Wednesday, July 6, 2011

High-Profile Engagement

'Move over joining bonuses and golden hellos. CEO aspirants in India now want to create wealth through their pay packets. Beyond stock options, profit sharing is the new bait companies are using to attract executives, who too are falling for it. The good news is that high-potential, high-performing executives are no longer interested in here-and-now wealth creation. They are willing to wait.

When a German Greenfield manufacturing company was setting up its operations in India recently, it decided to design a profit-sharing compensation for its top brass, says Ma Foi Global Search CEO Hastha Krishnan. Reason: It wanted to grow its business fast and also needed the CEO to stay for three years at least. Profit-sharing allowed the company both. "A lot of CEOs with pay packages in the range of Rs 1.5 crore to Rs 3 crore are even willing to look at a cut in pay and take a combo of wealth creation and entrepreneurial opportunity," she says. Profit-sharing is not just a carrot to attract executives, but a means of retention too.

"It ties the CEO to his role for along duration," says Hastha Krishnan. Another CEO aspirant in the metals industry was offered a fixed salary of Rs 1.5 crore while the variable component was Rs 3.5 crore which is close to a little over 1% of the current profit of the company. If he meets the target, the CEO has the potential to earn Rs 3.5 crore, says MD India for Stanton Chase International R Suresh.

"If you hit the target, the variable is so high that you create wealth. In this case, the compensation has been designed with Rs 3.5 crore variable," he says. Suresh has also sat through several CEO compensation deals where companies agree to part with 1% to 2% of profit as variable. In some such deals, the profit is measured over 3 years. Around 50 % of the profit is paid after the first year while the rest after three years.

The advent and growth of private equity-owned companies has intensified the clamour for wealth creation. "PE-owned jobs give executives and opportunity to create wealth at multiple levels if the company grows," says Suresh. Compensation, bonus and a share of profits are a part of the pay deal at PE-owned companies. Also, executives are willing to take higher risk.

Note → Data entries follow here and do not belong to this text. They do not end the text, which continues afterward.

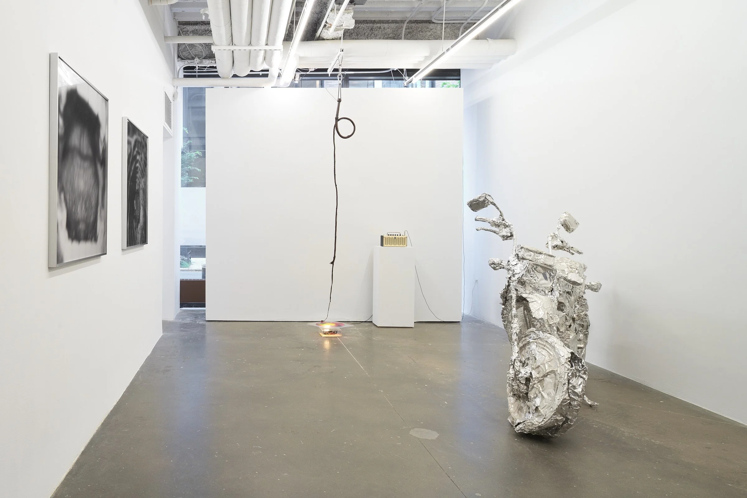 Nonetheless, the curators did not entirely forgo material considerations as a unifying force, or more precisely, the lack thereof. Instead of complete absorption in a plurality of references, No Handlebars converges at its elemental level. In other words, even to drift, one requires a raft: some common ground. In No Handlebars, it is air. Air functions throughout as both medium and metaphor—the condition that enables movement while marking the spaces between things. Shen’s rotating vinyl played by a whip-connected needle fills gallery space with sound that exists only in motion. Gale’s x-ray-like prints reveal internal cavities, the hollow spaces within bodies and objects. Even Wanthiang’s floor piece creates pockets of negative space that viewers must navigate around and through.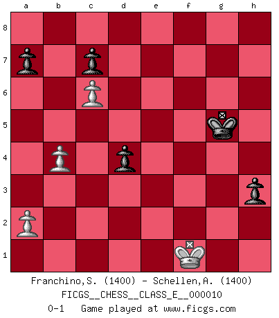 Last move : 0-1 2006 October 4 23:34:8 [Event "FICGS__CHESS__CLASS_E__000010"] [Site "FICGS"] [Date "2006.08.19"] [Round "1"] [White "Franchino,Sebastian"] [Black "Schellen,Anton"] [Result "0-1"] [WhiteElo "1400"] [BlackElo "1400"] 1.e4 e5 2.Nf3 Nc6 3.d4 exd4 4.Nxd4 Bc5 5.Be3 Qf6 6.c3 d6 7.Bb5 Nge7 8.Qe2 O-O 9.Nxc6 bxc6 10.Bd3 Bxe3 11.Qxe3 Re8 12.O-O Nd5 13.Qd4 Qxd4 14.cxd4 Nf4 15.Bc2 Ne2+ 16.Kh1 Ba6 17.Rd1 Rab8 18.b3 Rb4 19.d5 f5 20.f3 Re5 21.dxc6 Nd4 22.Rd2 Nxc2 23.Rxc2 fxe4 24.Nc3 exf3 25.gxf3 Rf4 26.Kg2 h5 27.Rd2 Rg5+ 28.Kf2 Rgf5 29.Kg2 Rxf3 30.Nd5 Rf7 31.Ne7 Kh7 32.Nd5 h4 33.h3 Bc8 34.Re1 Bxh3+ 35.Kh2 g5 36.Re4 g4 37.Re7 Rxe7 38.Nxe7 Bf1 39.Kg1 g3 40.Rd4 h3 41.Rh4 Kg7 42.Nf5 Rxf5 43.Rg4 Kf6 44.Rxg3 Rg5 45.Rxg5 Kxg5 46.Kxf1 d5 47.b4 d4 0-1 Scotch game Kingside Castling by player Black (move 8) Kingside Castling by player White (move 12) 10 pieces endgame at move 45 : White KPPP , Black KBPPPP WHITE : King + 3 Pawns BLACK : King + 1 Bishop 4 Pawns 9 pieces endgame at move 46 : White KPPP , Black KPPPP WHITE : King + 3 Pawns BLACK : King + 4 Pawns Player Black won this chess game. Follow this game move after move (download)Look at Garry Kasparov. After he loses, invariably he wins the next game. He just kills the next guy. That's something that we have to learn to be able to do. (Maurice Ashley) Die Neutralität betrachte ich als eine schwere Krankheit. (Viktor Kortschnoi) La única cosa que los jugadores de Ajedrez tienen en común, es el Ajedrez. (Lodewijk Prins) Des combinaisons [dans le jeu d'échecs] pareilles à des mélodies. Je crois entendre pour ainsi dire la musique des coups... (Vladimir Nabokov) Hold em is to stud what chess is to checkers. (Johnny Moss)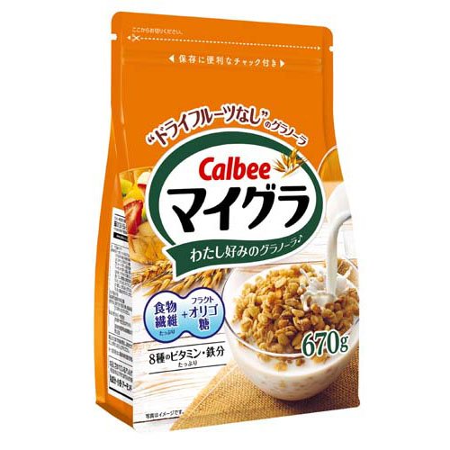 マイグラ/インスタント食品/【発売元、製造元、輸入元又は販売元】カルビー/【マイグラの商品詳細】●オーツ麦と4種の穀物を丁寧に焼き上げたドライフルーツなしのグラノーラ!●グラノーラ生地のほのかな甘さと香ばしさ、ザクザクとした抜群の噛み応えをお楽しみください。/cate45770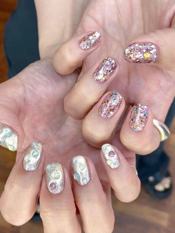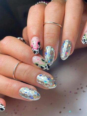 Понимаем, что Новый год — это мишура, блестки, елочные игрушки, но на ногтях не стоит такое повторять. Поэтому дизайн в стиле диско лучше оставьте на тематическую вечеринку. Излишнее количество блесток и блеска может удешевить ваш образ в целом, поэтому лучше избегать большого количества ярких деталей на ногтях (читайте также: Никто не заметит: как скрыть отросший маникюр — 6 хитростей, которые работают безотказно).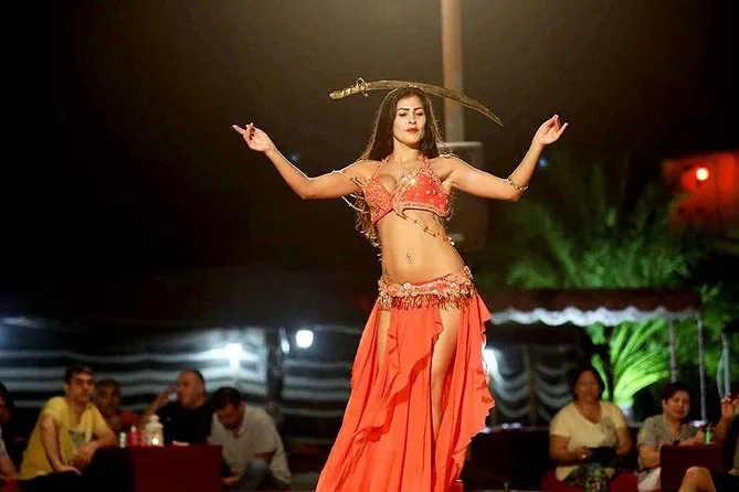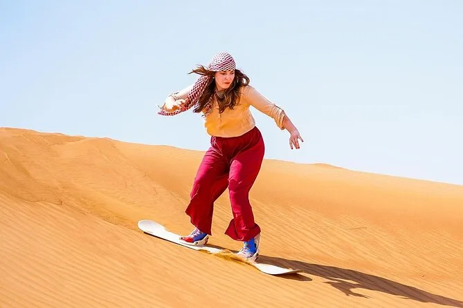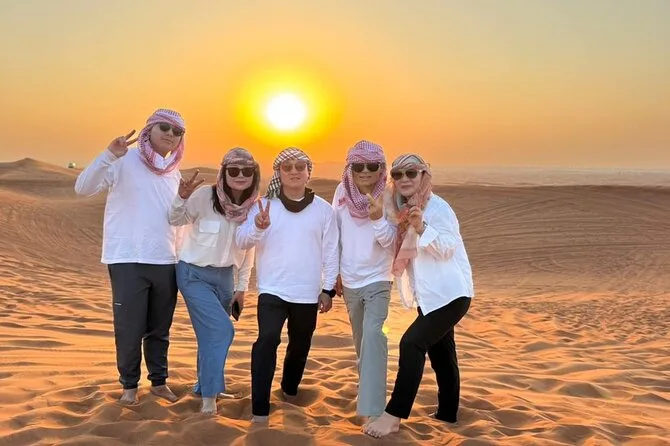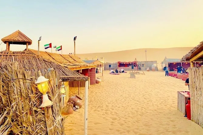 The tour includes camel riding, sandboarding, henna painting, Arabic dress photography, falcon photos, shisha smoking (at camp), live Tanura & belly dance shows (except during Ramadan).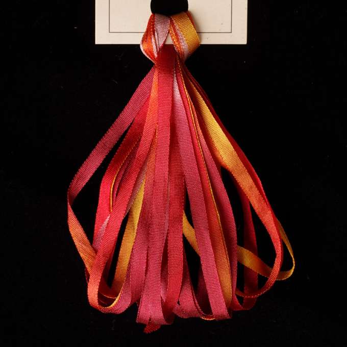 This is a 3.5mm wide hand painted silk ribbon in Kathmandu by Treenway Silks. Beautifully variegated silk ribbons. Perfect for silk ribbon embroidery, on fabric or on canvas. Excellent for adding ruffles and dimensional flowers!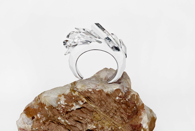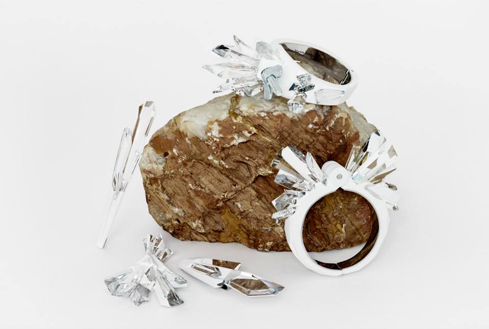 At the Maison Martin Margiela X Swarovski collaboration during the MMM couture show, I was shocked how much phisics and science can change fashion. These crystal elements attached to the latex boots and bracelets are not simply sticked with glue- no, on this occasion, Maison Martin Margiela did in fact debut something completely new. They worked with Swarovski and their new Crystalactite technology to create pieces of jewellery that glinted at you on the catwalk as cuffs clasped around shiny riding boots. The new innovation in the fact that it’s the first time Swarovski have fused crystal and white resin together without the use of glue creating a hybrid material that looks like it might have naturally grown that way over time. Margiela was the first ever house invited to such experiment and used inspiration from stalactites formations (hence the hybrid name) grown in caves. NOW AVAILABLE at COLETTE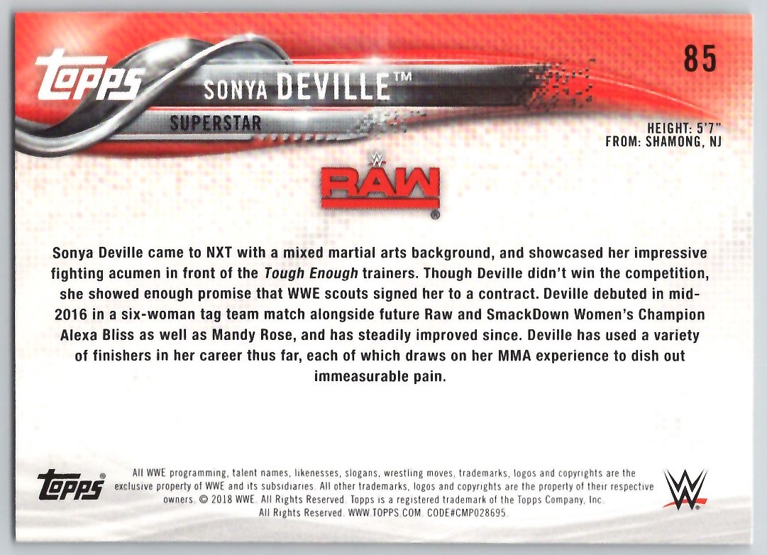 | Description: | Sonya Deville | | Category: | Wrestling | | Year: | 2018 | | Product: | Topps WWE | | Card Number: | 85 | | Dimensions: | 3¼" x 2¼" |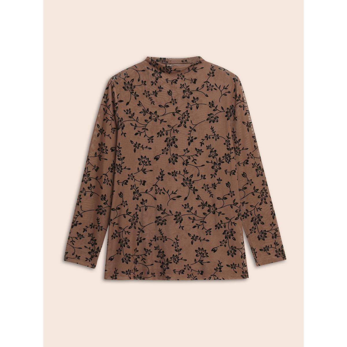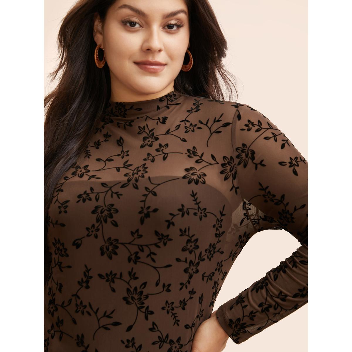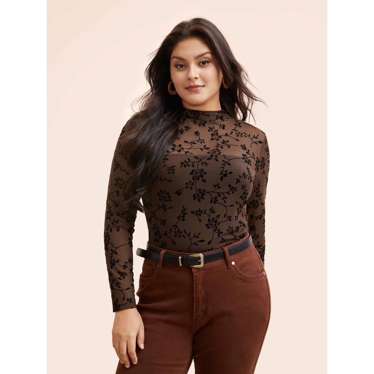 Plus Size Floral Flocking Mesh Mock Neck T-shirt DarkBrown Women Elegant See through Stand-up collar Skinny Everyday T-shirts BloomChic 26/4X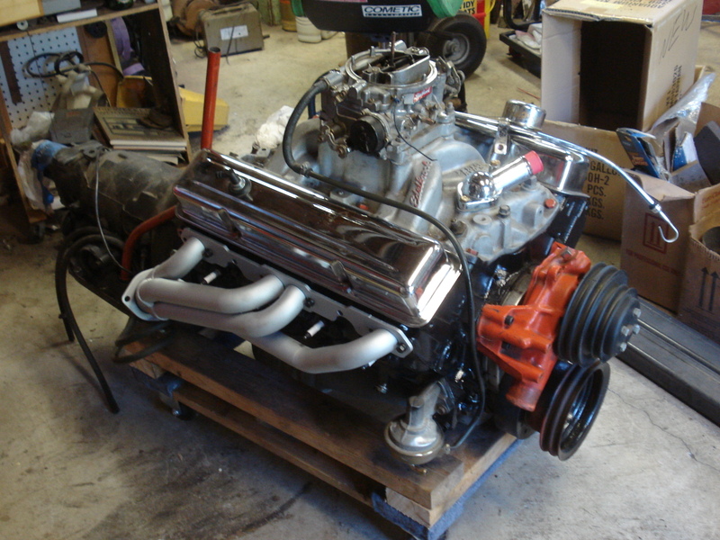 305, cammed, edelbrock 750cfm carb,edelbrock performer rpm intake, heddman headers, th350 tranny, b&m shift kit,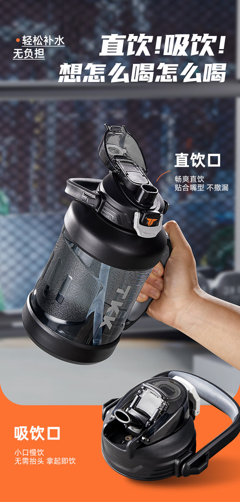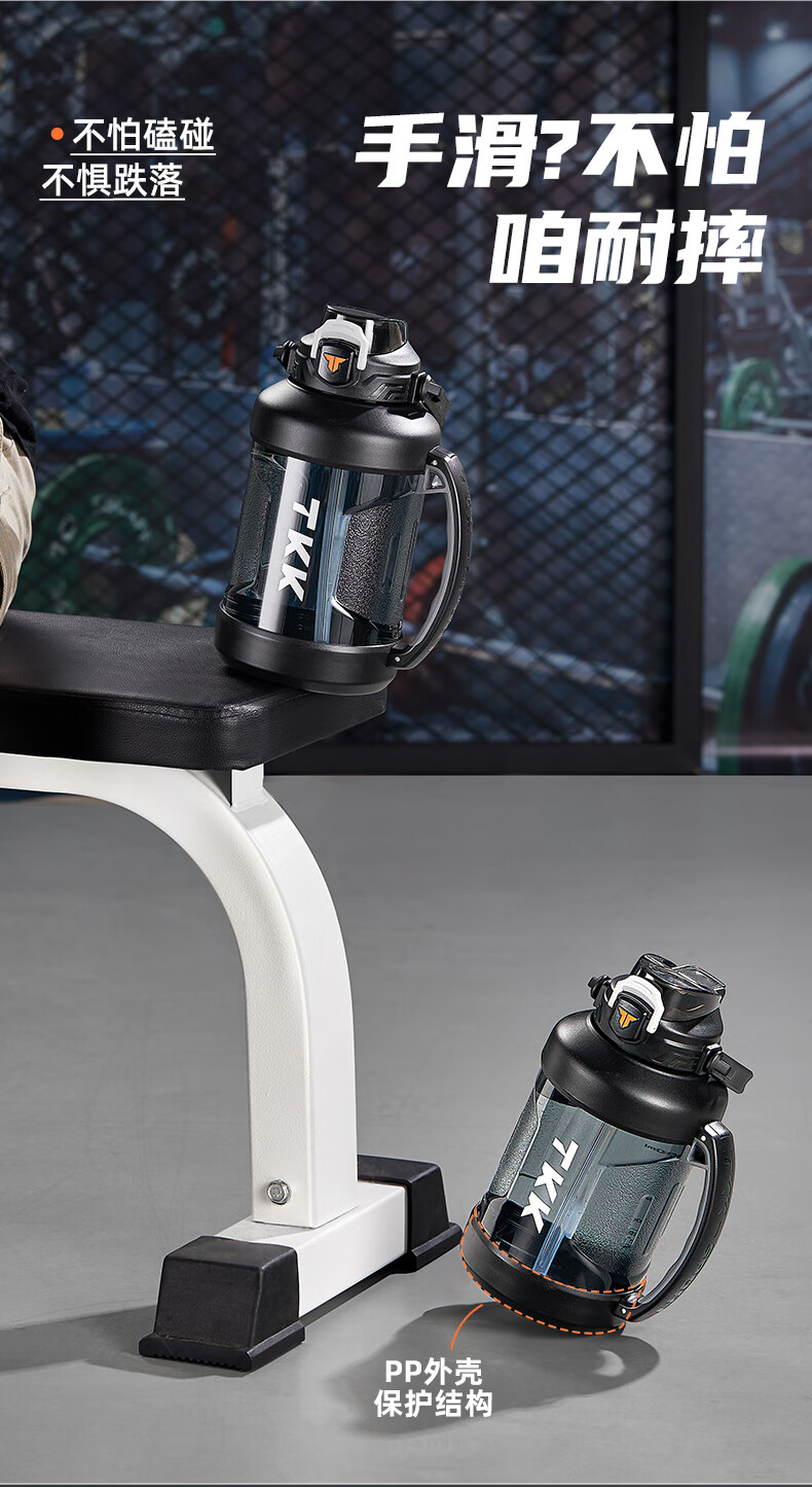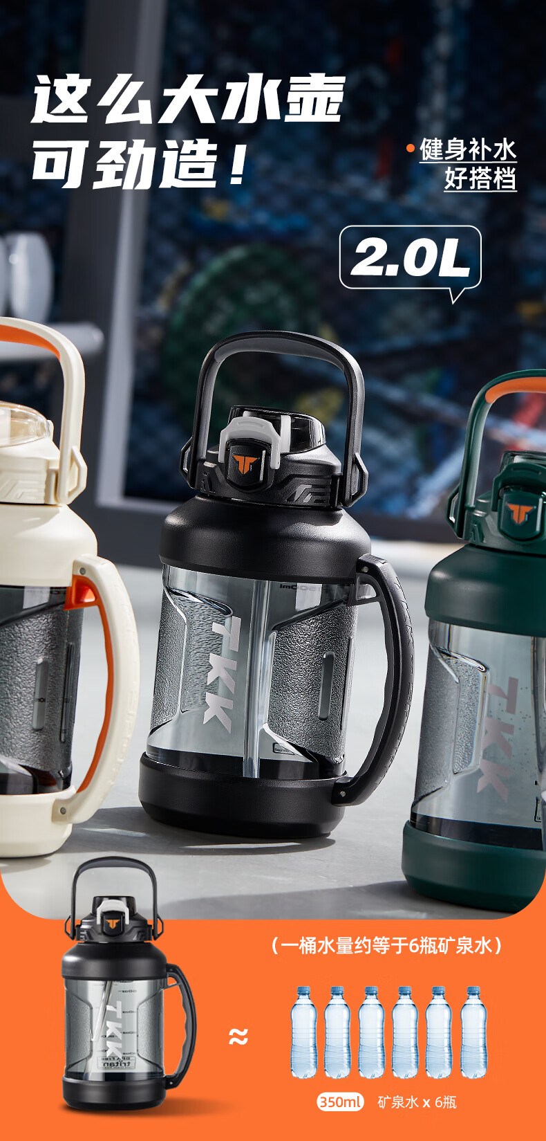TKK sports water bottle large capacity high temperature resistant fitness water cup men's ton bucket portable tritan military training plastic cup 2L black thickened fall-resistant + strap 2000ml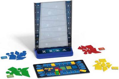「ドロップイット」は、各形のタイルをプラスチックのスリットの上から入れて得点を得るゲームです。

"Risk taking has never been higher. You deliver more, you get more. CEOs can afford to make more money. As a result, companies are using profit percentage to create wealth for these CEOs," says Ronesh Puri, managing director, Executive Access, an executive search firm. Does that mean cash is passe? "Cash compensation is not a huge motivator. It is important, but no high potential will move jobs (for cash)," says Anandorup Ghose, Head, Executive Compensation and Governance, Aon Hewitt . Headhunters such as Purvi Sheth, CEO, Shilputsi Consultants , agree that wealth creation is emphasised a lot more than ever before, but cash is equally important.

"CEOs want the best of both the worlds. There is always certain minimum cash flow needed. It is difficult to attain cash nirvana," she says. "Wealth creation plans are exciting and lucrative. That does not mean that executives are compromising on cash. It's just that the market is competitive," says Shanthi Naresh, principal and executive remuneration segment leader, human capital, Mercer. Among the guaranteed facets of compensation - assured compensation, shortterm or annual incentives, benefits and pension-related, and long-term benefits like stock option and profit-sharing - the last is the most in focus. CEOs are looking for long-term benefits. "Long-term works though you have to be competitive on all segments of compensation," says Naresh.' (Source: The Economic Times)

1 comment:

Dr. Debashish Sengupta said...

CEO is the Chief Engagement officer and the one who realizes the same shall never lose focus or compromise. I am sure these would be the ones who would be valued by the companies in future as well.